In last Sunday’s sermon we meditated on Hebrews 4:12-13. I noted that the phrase, “Word of God,” has at least three meanings in the NT. It can refer to Jesus himself, to the preaching of the gospel, and to the inscripturated or written word. I also noted that in Hebrews 4:12 I think the Word of God refers primarily to Scripture (especially given the context of reflection on Psalm 95:7-11 in Hebrews chapters 3-4). In Hebrews 4:12, the inspired author uses four terms to describe the Word of God:
1. The Word of God is quick [living; Greek participle zon; like the name Zoe, meaning “life”]. For the use of “quick” compare the traditional phrasing of the Apostles’ Creed which says Jesus will return to judge “the quick and the dead” (i.e., the living and the dead).

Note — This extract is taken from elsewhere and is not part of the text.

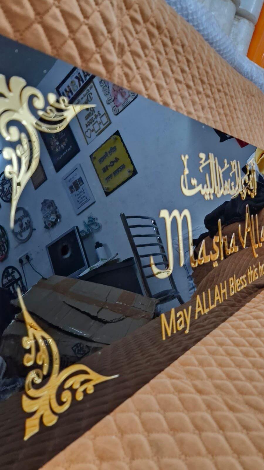 This elegant Framed MASHA ALLAH 3D Wall Art will add an affordable touch of sophistication to any home entrance. The intricate design features the phrase "May ALLAH BLESS THIS HOME DUA" and can be delivered all over India. Enhance your space with this unique and meaningful decor piece.

There are many who would like for the Bible to be dead. They would like to officiate at its funeral. There are those who would like to place the Bible behind velvet ropes in a museum, like some religious artifact, telling the curious, “People actually used to read this old book and to follow its precepts.” There are some who want to treat the Bible as a literary treasure to be perhaps admired and studied but not taken seriously spiritually. Like the Prodigal Son they would like to take some cultural inheritance from the Bible while they run off to some far country to indulge in riotous living.
But the inspired author reminds us here that his Word is alive, and so is the preaching that thunders from it. It is a living Word, because it proclaims a living Christ and a living hope in the gospel.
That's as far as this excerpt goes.